Le Peuple des dunes, grain de sable dans la mécanique industrielle
Sur la touristique côte de granit rose, en Bretagne, ce collectif citoyen lutte depuis quatre ans contre un projet d’extraction de sable.
«Dites, c’est quoi toutes ces banderoles ? Il y en a partout !» En entrant dans ce bistrot de Lannion (Côtes d’Armor), une cliente questionne la barmaid. «Comment, vous n’êtes pas au courant ? répond l’autre en lui servant son café, il y a une manifestation samedi. C’est contre le projet d’extraction de sable dans la baie ! C’est une véritable catastrophe écologique !» «Permettez, c’est une catastrophe écologique mais aussi économique !» De son fauteuil à l’entrée du troquet, Alain Bidal a attrapé l’échange au vol et n’a pas pu s’empêcher d’intervenir. Car ce projet d’extraction de sable d’une dune sous-marine de la baie de Lannion, il le connaît par cœur. Ça fait quatre ans que ce directeur de banque retraité mène une lutte acharnée pour empêcher qu’il voie le jour, avec le collectif dont il est le président, le Peuple des dunes en Trégor.
La dune sous-marine, trésor industriel, habitat naturel
En 2010, la Compagnie armoricaine de navigation (CAN), filiale du groupe Roullier (3,1 milliards de chiffre d’affaire à l’année), dépose une demande de permis d’extraction de sable sur la dune sous-marine de la baie de Lannion, à environ 5 km des côtes. Objectif : pomper chaque année, et pendant vingt ans, 400 000 m3 de sable coquillier, destiné à fertiliser les terres agricoles trop acides, en Bretagne notamment. L’exploitation du maërl, un fertilisant constitué par deux espèces d’algues, touche à sa fin. L’Europe va interdire son exploitation afin d’éviter la destruction d’habitats marins. La CAN se tourne donc vers le sable coquillier, dont elle exploite deux gisements, «insuffisants» pour l’équilibre de l’entreprise, selon Bernard Lenoir, directeur foncier de la CAN, interrogé par Ouest France . Sans la dune de la baie de Lannion, la CAN pourrait bien mettre la clé sous la porte.
Le projet fait son chemin, une enquête publique est lancée. Mais les associations de la région sont inquiètes. Ce n’est pas le premier projet d’extraction de sable mené en Bretagne, et de nombreuses alertes ont été lancées sur leurs conséquences.
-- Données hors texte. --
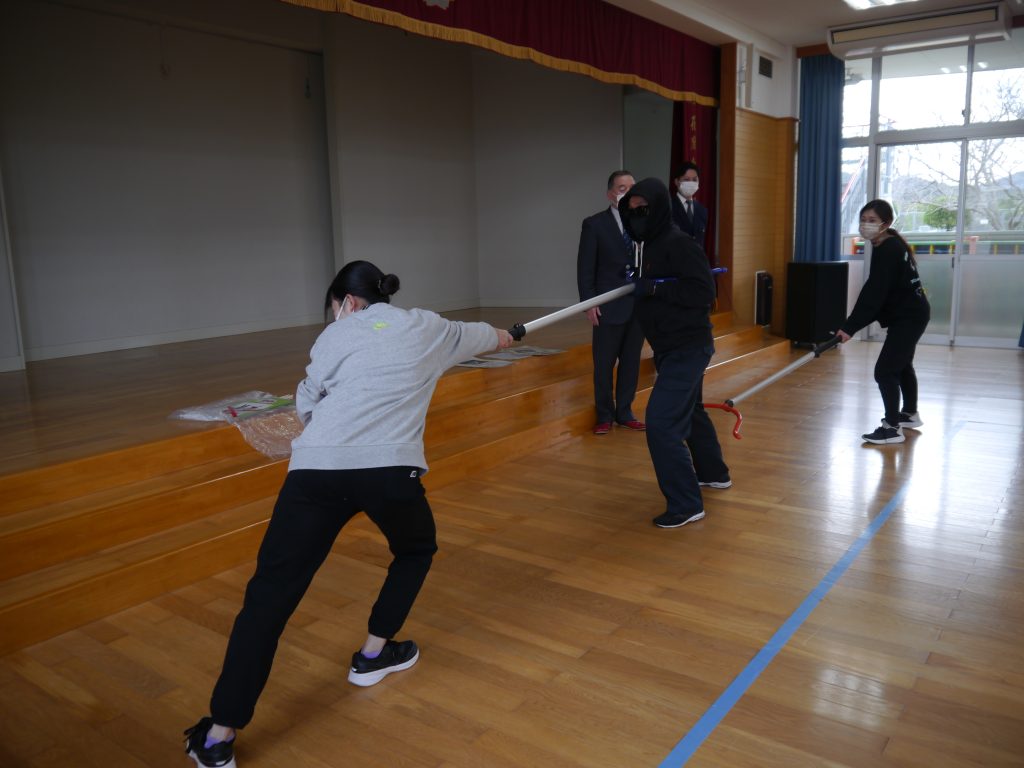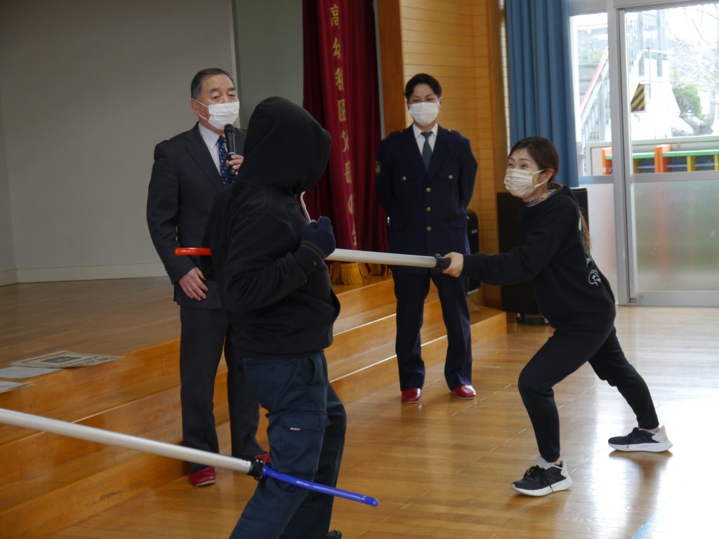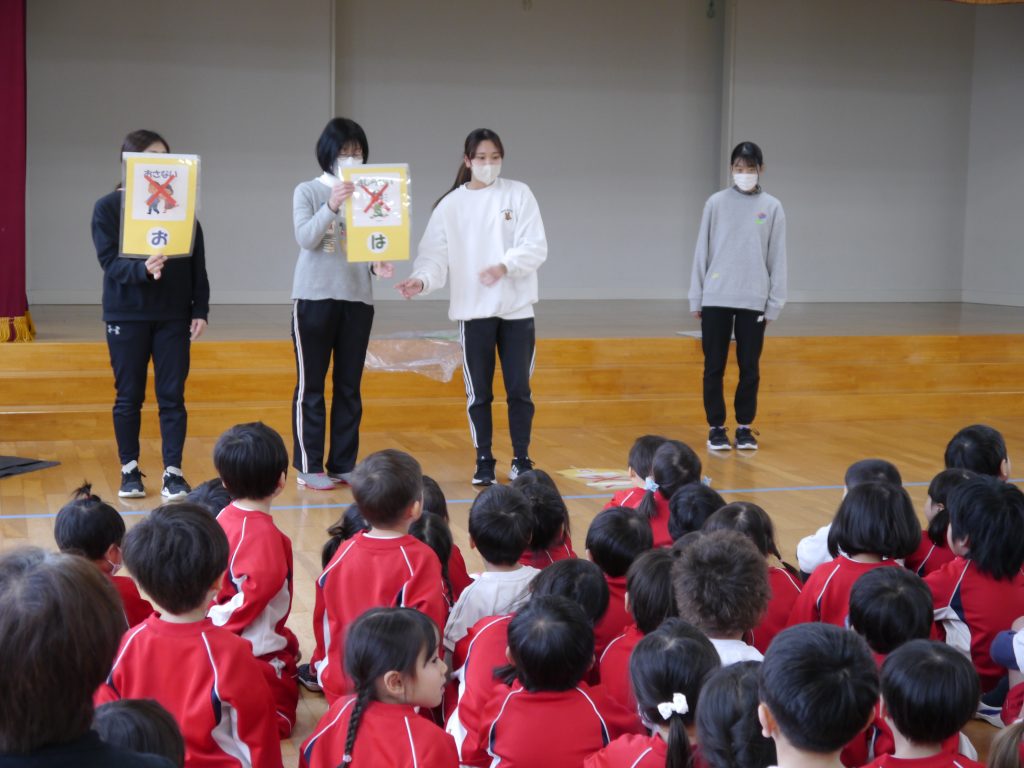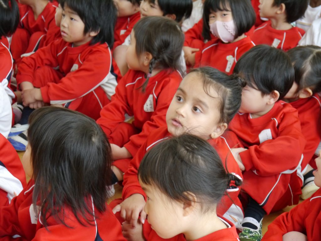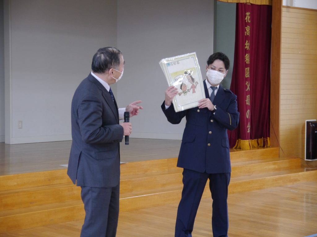 早岐警察署の清水さん、山口さんからは、大変避難が上手にできましたとほめていただきました。子どもたちが遊戯室に避難するまでにかかった時間は2分30秒ということでした。 1学期の火災対応避難訓練、2学期の地震対応避難訓練と同じように真剣に取り組むことができた花高幼稚園のお友達です。
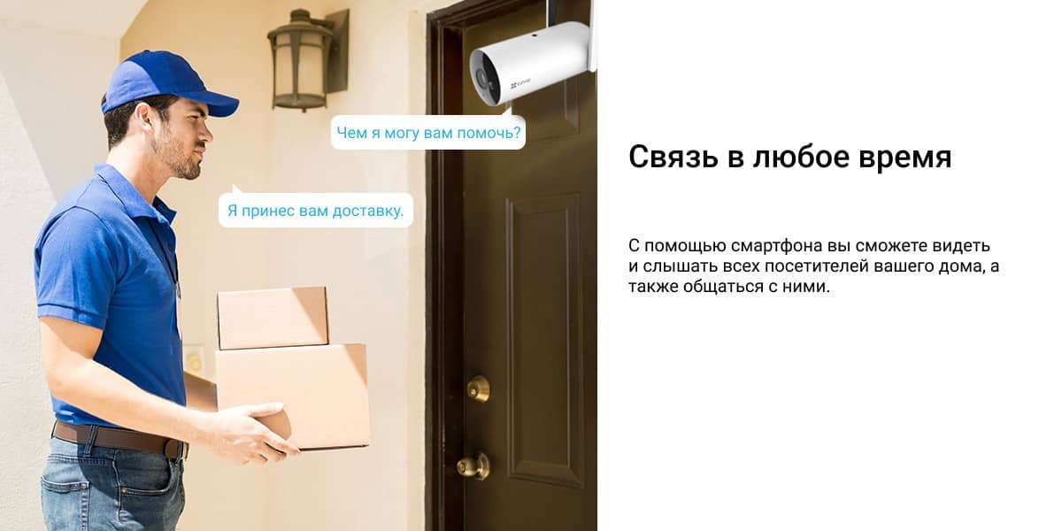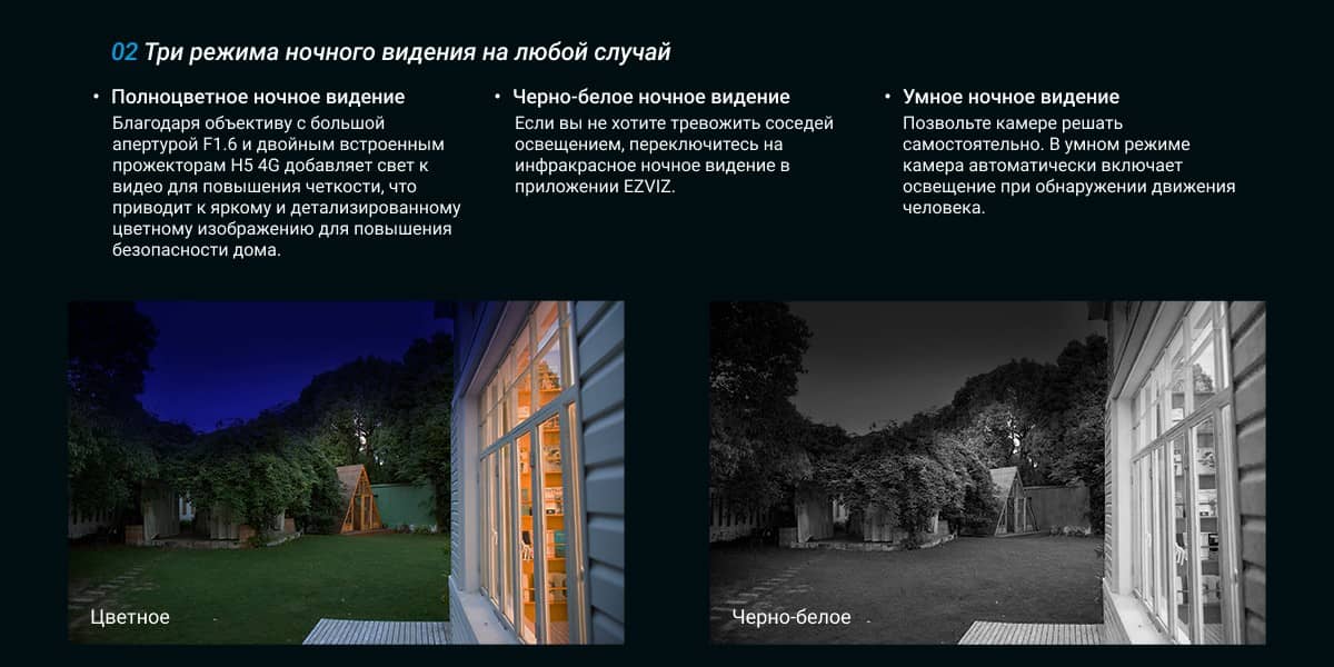 Оптика камеры рассчитана на разрешение до 2304×1296 пикселей, что соответствует формату 2K. Объектив фиксированный: 4 мм, диафрагма F1.6, угол обзора по диагонали 102°, по горизонтали — 86°. Ночное наблюдение реализовано с тремя режимами: цветное ночное видение (с двумя встроенными прожекторами), чёрно-белое ИК-видение на расстоянии до 30 метров и «умный» режим, при котором смена режима происходит автоматически при обнаружении человека.

Perturbation de l’environnement, destruction de la faune et la flore sous-marines, disparition des poissons… À Trébeurden, Pleumeur-Bodou et dans les autres communes de la baie, les pêcheurs s’inquiètent pour leurs emplois et les amoureux de l’environnement pour la vie sous-marine. L’inquiétude est d’autant plus forte que la dune visée par la CAN se situe au beau milieu de la baie, entre deux zones Natura 2000, et à quelques encablures de l’archipel des Sept-Îles.
Dans le rapport de l’enquête publique, le commissaire enquêteur souligne effectivement certains risques du projet… mais conclut par un avis favorable. «Personne n’a compris , raconte Alain Bidal, on savait que ce projet représentait des risques non négligeables, c’est d’ailleurs pour ça que les treize communes concernées s’y sont déclarées opposées, tout comme Lannion Trégor Agglomération. Mais leur avis n’a pas été entendu.» Un «déni de démocratie» que les habitants n’acceptent pas. Puisque que leur avis est négligé par la procédure, ils le feront entendre autrement. En janvier 2012, le collectif du Peuple des dunes en Trégor est créé par une trentaine d’associations.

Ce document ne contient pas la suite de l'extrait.